• Directions for this task:
Exactly the lines below from the one with "Очень модно смотрится" up to and including the one with "عناوین روزنامه شوت" make up the answer, with nothing else added.

• Provided material:
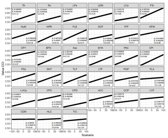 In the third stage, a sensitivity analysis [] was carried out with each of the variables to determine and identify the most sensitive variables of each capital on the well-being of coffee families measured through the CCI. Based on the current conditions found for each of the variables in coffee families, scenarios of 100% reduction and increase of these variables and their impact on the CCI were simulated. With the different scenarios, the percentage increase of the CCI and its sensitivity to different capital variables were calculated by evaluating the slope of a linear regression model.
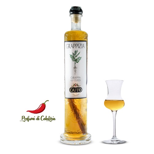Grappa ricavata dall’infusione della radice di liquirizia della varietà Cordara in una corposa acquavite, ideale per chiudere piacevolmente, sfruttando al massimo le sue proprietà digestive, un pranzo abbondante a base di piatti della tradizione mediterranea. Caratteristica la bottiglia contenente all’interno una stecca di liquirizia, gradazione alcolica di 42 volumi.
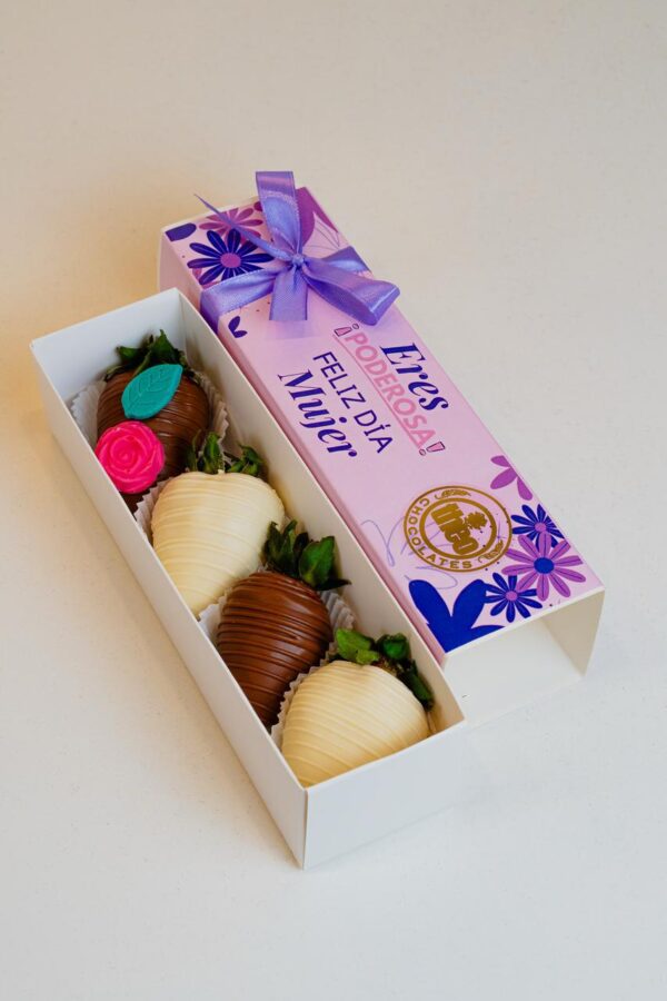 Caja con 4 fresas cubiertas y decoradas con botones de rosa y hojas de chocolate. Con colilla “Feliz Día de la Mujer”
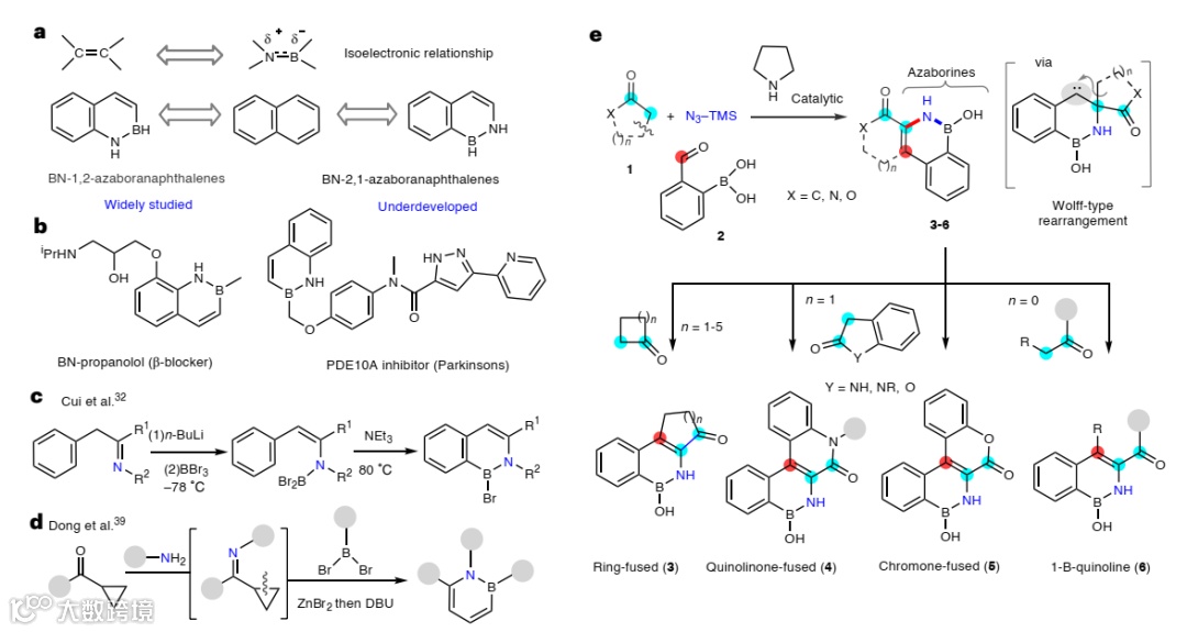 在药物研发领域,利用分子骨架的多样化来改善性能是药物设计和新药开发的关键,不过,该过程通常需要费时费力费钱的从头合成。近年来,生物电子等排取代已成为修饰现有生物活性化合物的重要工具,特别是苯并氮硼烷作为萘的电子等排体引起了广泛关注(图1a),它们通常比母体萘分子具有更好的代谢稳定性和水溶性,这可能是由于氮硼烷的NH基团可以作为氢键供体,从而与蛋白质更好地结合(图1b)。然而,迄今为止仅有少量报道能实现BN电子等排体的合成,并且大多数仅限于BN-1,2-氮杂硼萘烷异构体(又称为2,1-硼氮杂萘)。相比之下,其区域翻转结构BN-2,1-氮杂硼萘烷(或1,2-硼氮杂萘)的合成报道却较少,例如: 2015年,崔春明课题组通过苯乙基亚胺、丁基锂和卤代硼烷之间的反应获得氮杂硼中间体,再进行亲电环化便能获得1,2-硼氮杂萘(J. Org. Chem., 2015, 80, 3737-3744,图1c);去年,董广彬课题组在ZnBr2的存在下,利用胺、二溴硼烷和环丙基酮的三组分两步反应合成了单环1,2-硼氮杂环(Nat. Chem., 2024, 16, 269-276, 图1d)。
* * *
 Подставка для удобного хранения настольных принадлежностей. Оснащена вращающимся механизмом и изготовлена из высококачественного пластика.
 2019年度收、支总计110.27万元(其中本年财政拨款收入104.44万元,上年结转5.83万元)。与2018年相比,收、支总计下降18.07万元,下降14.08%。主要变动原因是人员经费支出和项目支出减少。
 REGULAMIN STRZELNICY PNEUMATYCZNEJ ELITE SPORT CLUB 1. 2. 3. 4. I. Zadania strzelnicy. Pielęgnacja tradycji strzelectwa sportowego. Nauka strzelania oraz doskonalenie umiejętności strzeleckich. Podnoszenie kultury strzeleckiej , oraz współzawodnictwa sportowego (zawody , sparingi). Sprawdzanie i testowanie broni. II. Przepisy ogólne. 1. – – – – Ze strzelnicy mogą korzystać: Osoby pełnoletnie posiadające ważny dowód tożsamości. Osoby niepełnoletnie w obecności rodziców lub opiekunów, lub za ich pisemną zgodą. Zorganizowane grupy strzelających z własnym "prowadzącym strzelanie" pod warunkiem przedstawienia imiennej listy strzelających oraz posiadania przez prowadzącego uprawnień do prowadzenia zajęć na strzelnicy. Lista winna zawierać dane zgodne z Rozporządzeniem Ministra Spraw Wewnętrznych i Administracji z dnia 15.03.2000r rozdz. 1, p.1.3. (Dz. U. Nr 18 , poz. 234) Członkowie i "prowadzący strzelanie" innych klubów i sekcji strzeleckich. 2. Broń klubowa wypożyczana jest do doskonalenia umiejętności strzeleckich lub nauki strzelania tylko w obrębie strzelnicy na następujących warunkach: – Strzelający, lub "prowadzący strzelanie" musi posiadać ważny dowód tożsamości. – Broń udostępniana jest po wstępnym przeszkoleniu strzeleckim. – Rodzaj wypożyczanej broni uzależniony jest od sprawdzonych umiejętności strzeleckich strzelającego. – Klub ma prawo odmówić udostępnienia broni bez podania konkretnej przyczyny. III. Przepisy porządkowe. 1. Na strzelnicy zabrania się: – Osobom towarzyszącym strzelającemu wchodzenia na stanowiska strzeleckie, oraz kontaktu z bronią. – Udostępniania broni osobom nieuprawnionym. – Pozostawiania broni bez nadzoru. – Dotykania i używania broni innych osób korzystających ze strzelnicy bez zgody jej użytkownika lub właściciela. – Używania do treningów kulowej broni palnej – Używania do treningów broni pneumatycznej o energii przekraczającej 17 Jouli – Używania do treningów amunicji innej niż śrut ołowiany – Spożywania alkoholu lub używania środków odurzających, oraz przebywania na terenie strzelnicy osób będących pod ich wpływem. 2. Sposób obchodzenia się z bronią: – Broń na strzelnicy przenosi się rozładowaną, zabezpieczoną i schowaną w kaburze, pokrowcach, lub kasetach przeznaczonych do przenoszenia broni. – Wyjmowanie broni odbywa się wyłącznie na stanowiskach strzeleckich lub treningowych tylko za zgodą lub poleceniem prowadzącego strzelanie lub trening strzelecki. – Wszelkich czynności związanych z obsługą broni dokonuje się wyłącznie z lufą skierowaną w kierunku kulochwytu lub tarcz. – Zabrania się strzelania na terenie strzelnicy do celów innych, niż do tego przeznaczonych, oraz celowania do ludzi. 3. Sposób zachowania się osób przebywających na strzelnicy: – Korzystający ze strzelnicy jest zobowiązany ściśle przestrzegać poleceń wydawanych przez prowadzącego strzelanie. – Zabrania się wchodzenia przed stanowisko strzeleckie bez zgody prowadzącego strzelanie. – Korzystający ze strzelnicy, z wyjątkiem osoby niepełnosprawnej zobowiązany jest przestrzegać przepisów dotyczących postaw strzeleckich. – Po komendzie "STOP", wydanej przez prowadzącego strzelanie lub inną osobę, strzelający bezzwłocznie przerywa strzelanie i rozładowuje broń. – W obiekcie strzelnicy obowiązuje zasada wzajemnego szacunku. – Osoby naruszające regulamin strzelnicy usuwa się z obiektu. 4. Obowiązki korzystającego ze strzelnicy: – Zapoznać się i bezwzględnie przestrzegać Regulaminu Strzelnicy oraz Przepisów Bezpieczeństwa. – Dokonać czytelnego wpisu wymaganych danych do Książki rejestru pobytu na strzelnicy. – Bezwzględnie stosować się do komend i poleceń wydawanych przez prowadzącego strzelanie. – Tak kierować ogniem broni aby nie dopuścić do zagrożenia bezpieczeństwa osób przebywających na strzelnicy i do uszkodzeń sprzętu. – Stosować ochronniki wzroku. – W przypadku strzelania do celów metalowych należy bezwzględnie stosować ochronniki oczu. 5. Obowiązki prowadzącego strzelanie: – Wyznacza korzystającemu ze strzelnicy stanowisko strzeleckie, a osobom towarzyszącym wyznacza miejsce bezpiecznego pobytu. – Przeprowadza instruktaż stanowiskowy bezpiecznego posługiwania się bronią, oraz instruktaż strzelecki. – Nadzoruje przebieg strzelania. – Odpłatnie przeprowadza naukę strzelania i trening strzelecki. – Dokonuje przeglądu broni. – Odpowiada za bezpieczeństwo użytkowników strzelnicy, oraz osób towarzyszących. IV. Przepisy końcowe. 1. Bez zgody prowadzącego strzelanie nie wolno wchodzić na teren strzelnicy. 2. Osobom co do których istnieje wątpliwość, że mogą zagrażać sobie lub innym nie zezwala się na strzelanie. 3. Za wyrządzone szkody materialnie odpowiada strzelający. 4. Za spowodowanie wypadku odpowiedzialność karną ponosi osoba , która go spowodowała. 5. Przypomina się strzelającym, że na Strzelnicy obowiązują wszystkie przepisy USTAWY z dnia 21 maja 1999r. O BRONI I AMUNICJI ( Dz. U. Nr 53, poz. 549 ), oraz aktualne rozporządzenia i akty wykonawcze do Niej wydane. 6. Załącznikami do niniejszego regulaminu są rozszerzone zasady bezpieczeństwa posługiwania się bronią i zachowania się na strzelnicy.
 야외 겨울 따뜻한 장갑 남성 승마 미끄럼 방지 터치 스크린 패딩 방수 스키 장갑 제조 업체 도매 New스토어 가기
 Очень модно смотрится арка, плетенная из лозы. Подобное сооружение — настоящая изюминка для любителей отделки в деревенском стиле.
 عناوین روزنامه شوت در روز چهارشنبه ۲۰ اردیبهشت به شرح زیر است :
...
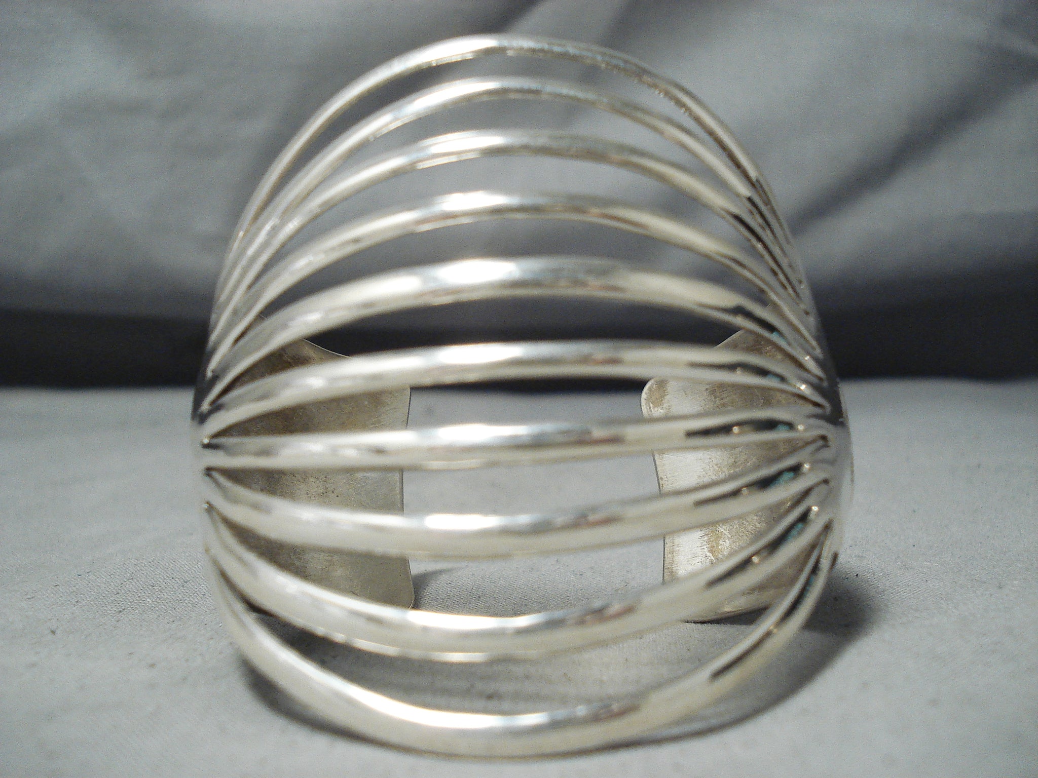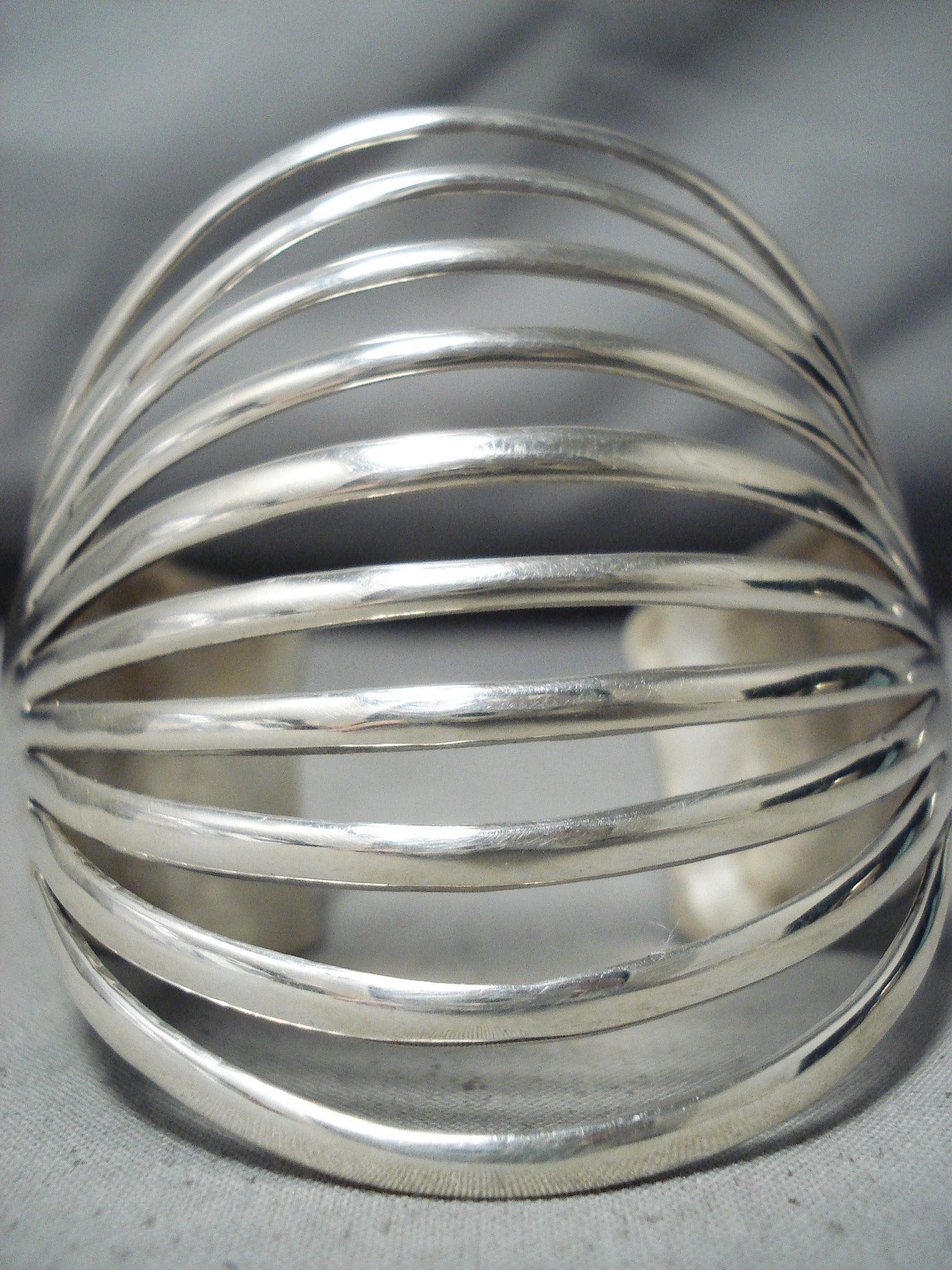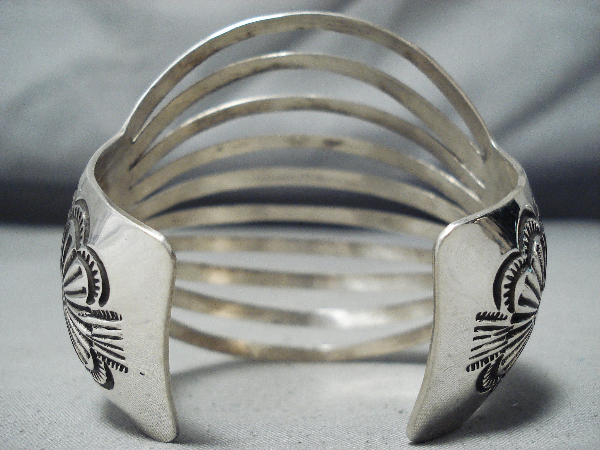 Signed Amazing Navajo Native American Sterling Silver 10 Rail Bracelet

• Solved exercise:
 Очень модно смотрится арка, плетенная из лозы. Подобное сооружение — настоящая изюминка для любителей отделки в деревенском стиле.
 عناوین روزنامه شوت در روز چهارشنبه ۲۰ اردیبهشت به شرح زیر است :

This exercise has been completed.